Over the past three months, the price of copper has plunged 16%, aluminum has declined 18%, lead down 21% and nickel has fallen 27%. Spot benchmark iron ore has tanked 18% in the past three weeks and 36% from its peak in April.
Steel scrap prices, however, largely viewed as a leading indicator in the commodity space, have actually rallied lately. But that's an exception within the primary trend for many industrial metals, which have peaked in this cycle.
In May, we turned cautious on raw materials as signs of a correction began to materialize in the sector. Copper prices, the Baltic Dry Index, the price of TIPS and a renewed downturn in residential housing began to flash red. Combined with the huge rally in bond prices (or sharply lower yields), investors have begun to discount the possibility of a double-dip recession in 2011. Toss in the uncertainty looming regarding the expiration of the Bush tax cuts next year and investors and businesses have one less reason to be bullish and put money to work.

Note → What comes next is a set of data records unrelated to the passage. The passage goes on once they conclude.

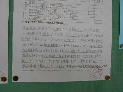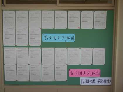 令和4年度の体育大会に向けて、1年生も団リーダー決めをします。立候補者の作文が掲示されました。作文から、どの立候補者も意気込みが伝わってきます。
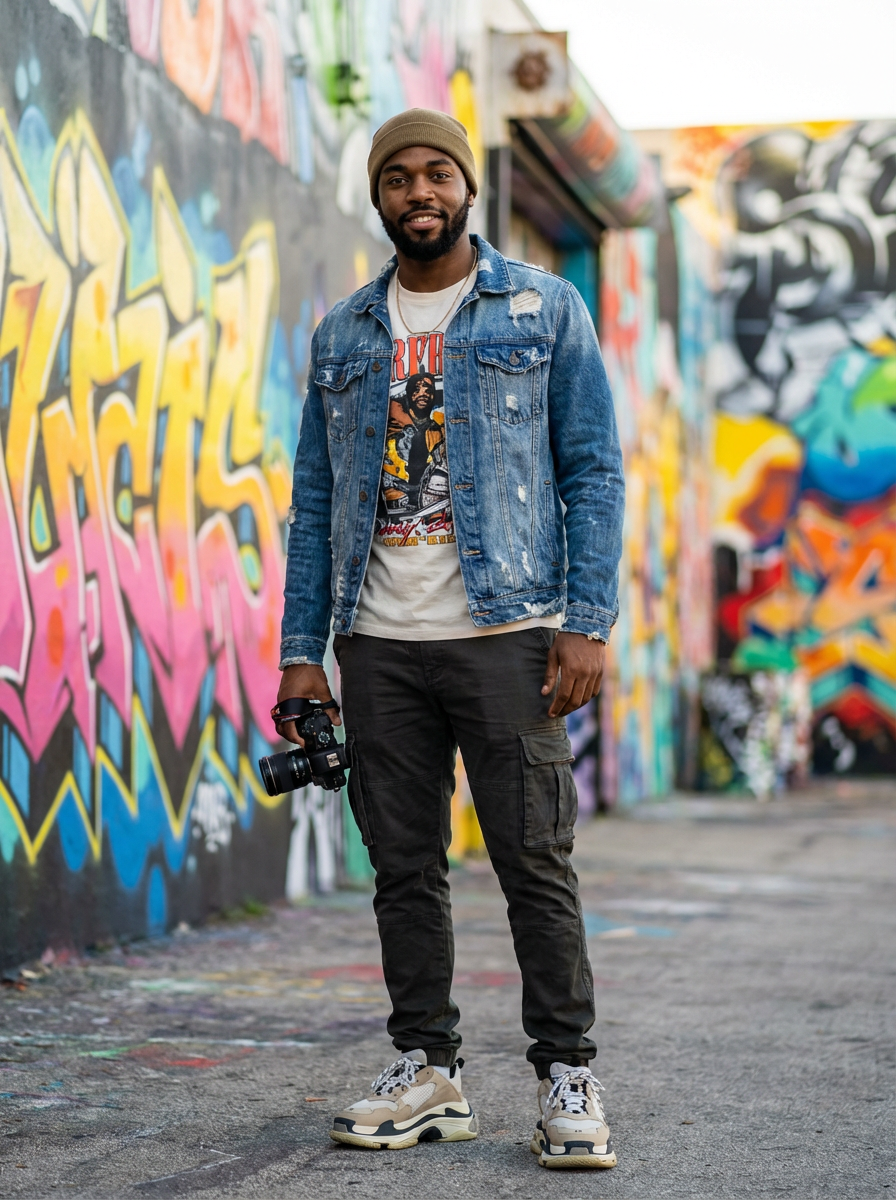 model in Wynwood Walls, colorful street art murals, trendy urban outfit, artistic vibe
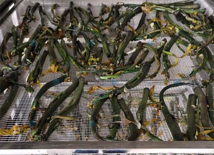 菜苔烘干選用旭眾空氣能烘干機,烘干菜苔前后對比效果:
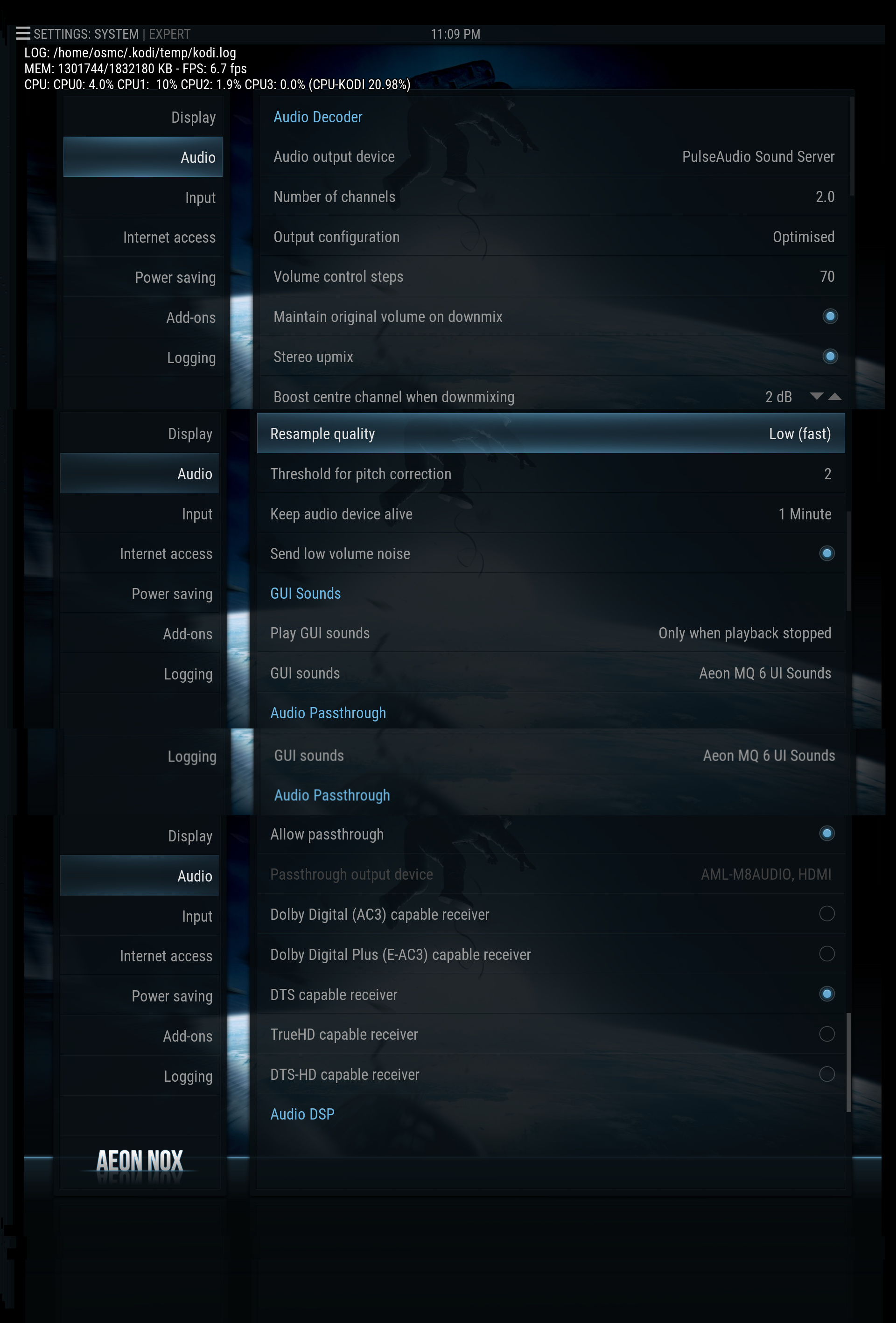 Please note, once the glitching started and I started trying to fix, I’ve changed all the settings and now I can’t recall exactly which ones I started with. As far as I can tell, I’ve tried every different config available and the only difference I heard between them was when I switched from PulseAudio to AML-M8AUDIO, HDMI and then it got so bad I had to mute the audio until I changed it back. The point is these may not be the recommended settings anymore but it was working fine for months with whatever settings I had… until it started glitching anyway.
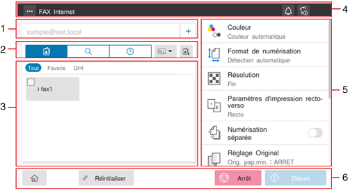 Si vous appuyez sur [Fax Internet] sur l'écran d'accueil, l'écran principal de Fax Internet s'affiche.
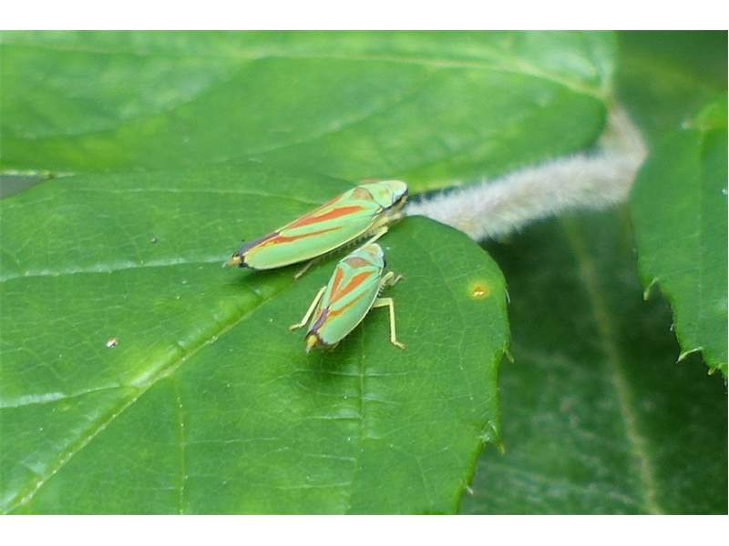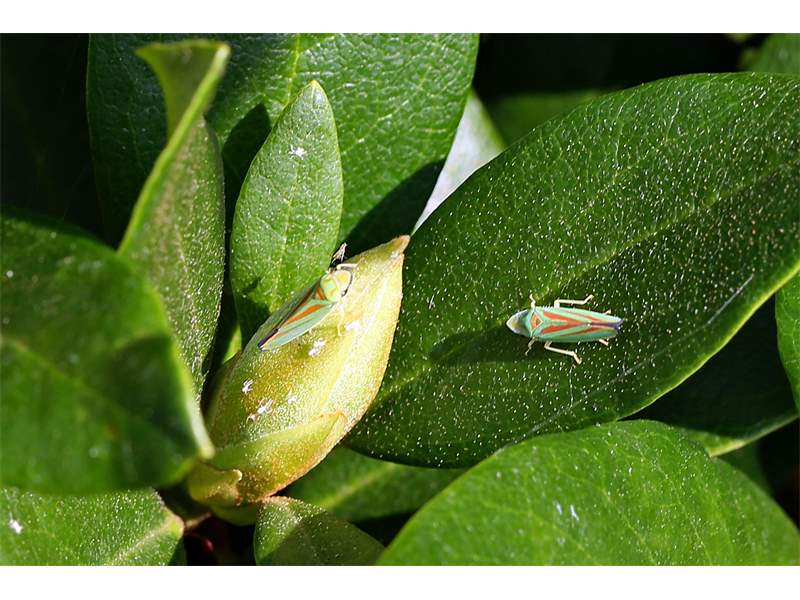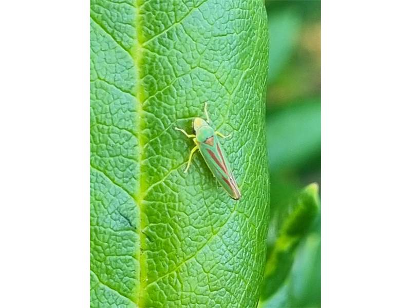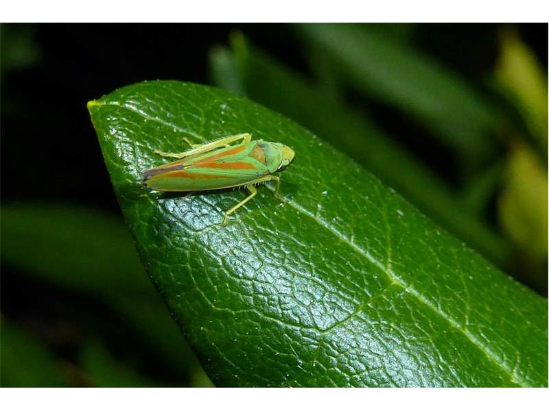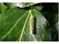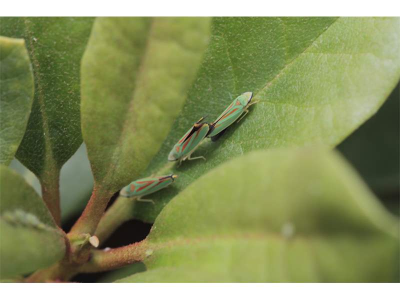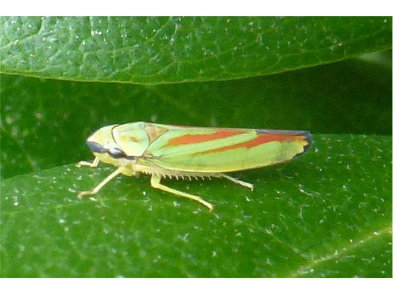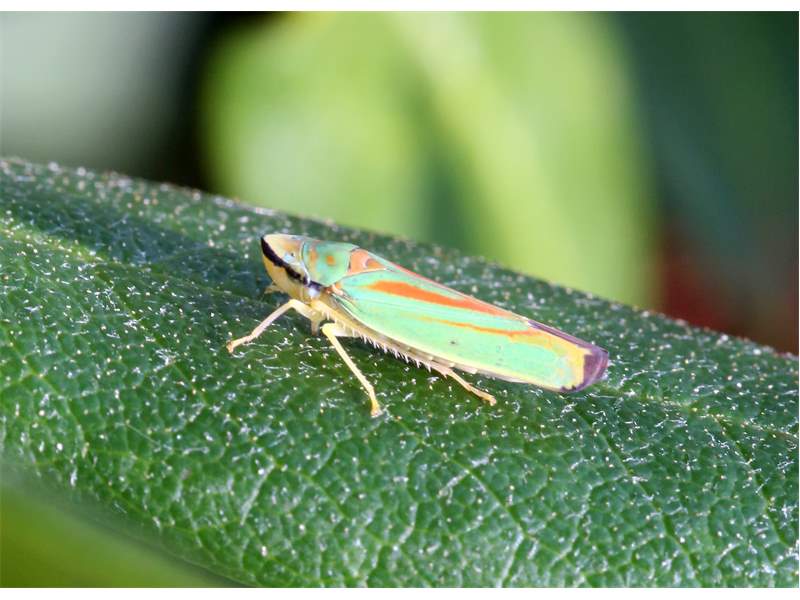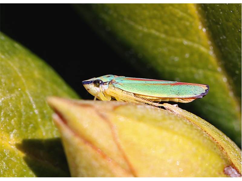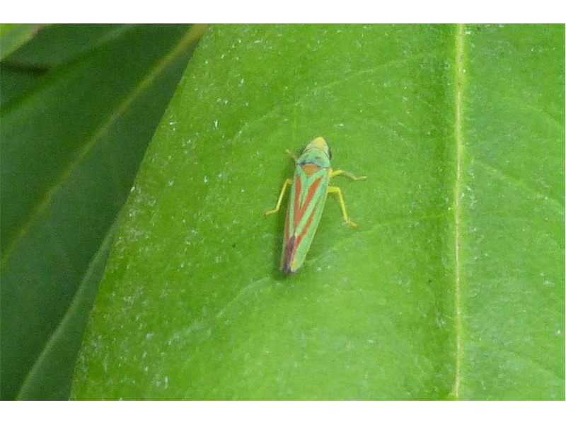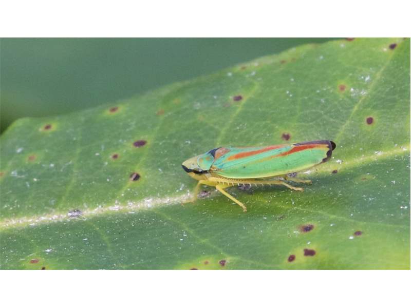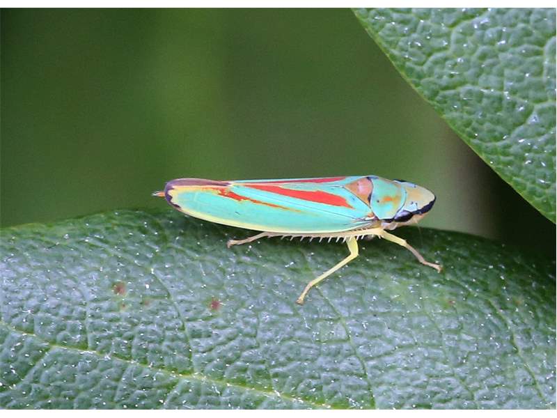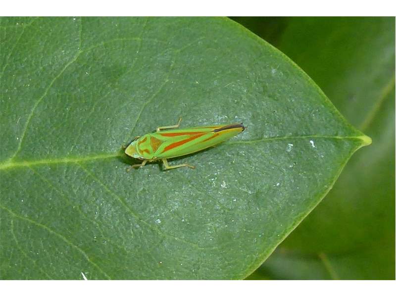 Rhododendronzikade (Graphocephala fennahi Young, 1977), an Rhododendron im Wohngrundstück, 01896 Lichtenberg, Juli 2018. (© Uwe Schäfer)( Bild vergrößern)
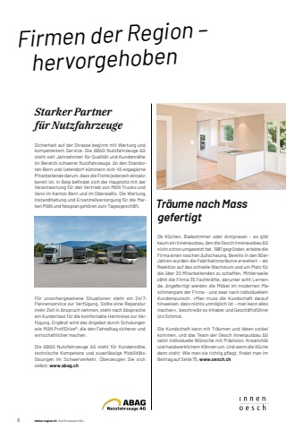 61 meine-region.ch meine-region.ch Kurzfirmenportr%u00e4ts Kurzfi rmenportr%u00e4tsFirmen der Region %u2013 hervorgehobenTr%u00e4ume nach Mass gefertigtOb K%u00fcchen, Badezimmer oder Arztpraxen %u2013 es gibt kaum ein Innenausbau, den die Oesch Innenausbau%u00a0AG nicht schon umgesetzt hat. 1981 gegr%u00fcndet, erlebte die Firma einen raschen Aufschwung. Bereits in den 90erJahren wurden die Fabrikationsr%u00e4ume erweitert %u2013 als Reaktion auf das schnelle Wachstum und um Platz f%u00fcr die %u00fcber 20%u00a0Mitarbeitenden zu schaffen. Mittlerweile z%u00e4hlt die Firma 35 Fachkr%u00e4fte, darunter acht Lernende. Angefertigt werden die M%u00f6bel im modernen Maschinenpark der Firma %u2013 und zwar nach individuellem Kundenwunsch. %u00abMan muss die Kundschaft darauf hinweisen, dass nichts unm%u00f6glich ist %u2013 man kann alles machen%u00bb, beschreibt es Inhaber und Gesch%u00e4ftsf%u00fchrer Urs Schmid. Die Kundschaft kann mit Tr%u00e4umen und Ideen vorbei kommen, und das Team der Oesch Innenausbau AG setzt individuelle W%u00fcnsche mit Pr%u00e4zision, Kreativit%u00e4t und handwerklichem K%u00f6nnen um. Und wenn die K%u00fcche dann steht: Wie man sie richtig pfl egt, fi ndet man im Beitrag auf Seite 75. www.oesch.chStarker Partnerf%u00fcr NutzfahrzeugeSicherheit auf der Strasse beginnt mit Wartung und kompetentem Service. Die ABAG Nutzfahrzeuge AG steht seit Jahrzehnten f%u00fcr Qualit%u00e4t und Kundenn%u00e4he im Bereich schwerer Nutzfahrzeuge. An den Standorten Bern und Uetendorf k%u00fcmmern sich 45 engagierte Mitarbeitende darum, dass die Flotte jederzeit einsatzbereit ist. In Belp befi ndet sich der Hauptsitz mit der Verantwortung f%u00fcr den Vertrieb von MAN Trucks und Vans im Kanton Bern und im Oberwallis. Die Wartung, Instandhaltung und Ersatzteilversorgung f%u00fcr die Marken MAN und Neoplan geh%u00f6ren zum Tagesgesch%u00e4ft.F%u00fcr unvorhergesehene Situationen steht ein 24/7- Pannenservice zur Verf%u00fcgung. Sollte eine Reparatur mehr Zeit in Anspruch nehmen, steht nach Absprache ein Kundentaxi f%u00fcr die komfortable Heimreise zur Verf%u00fcgung. Erg%u00e4nzt wird das Angebot durch Schulungen wie MAN Profi Drive%u00ae, die den Fahralltag sicherer und wirtschaftlicher machen. Die ABAG Nutzfahrzeuge AG steht f%u00fcr Kundenn%u00e4he, technische Kompetenz und zuverl%u00e4ssige Mobilit%u00e4tsl%u00f6sungen im Schwerverkehr. %u00dcberzeugen Sie sich selbst. www.abag.ch

Two months into the correction for commodities, we remain bearish over the short-term as indicators continue to remain dogged by declining Chinese consumption, slack industrial global capacity and a slowdown underway in China and the United States. Europe is heading into outright deflation because of austerity measures while Japan remains stuck in a deflationary abyss.
In the United States, consumer prices hit their lowest levels since 1966 in June – another measure that's suggesting price pressures are threatening the recovery and corporate earnings. Companies must show revenue growth going forward; the cost-cutting blitz since last year is now exhausted.
Stocks remain in a correction. The S&P 500 Index has rallied off its early July trough when it was down 16.5% off its January best levels.
Despite a brief rally over the last two weeks, stocks are down 12.5% from their January highs as measured by the broader market. But small-caps, which led the post-March 2009 rally, are now bleeding hard since May; the Russell 2000 Index is now down 17.7% from its January high and bordering official bear market territory this month.
If asset prices continue to slide this summer, expect the Federal Reserve to announce another wave of quantitative easing. At this stage of the recovery, it's obvious that stimulus has drawn its course and real consumption is flagging. It's also true that broader monetary aggregates (M2) are in a freefall in the United States, Europe and Japan. Central banks are losing the war against deflation.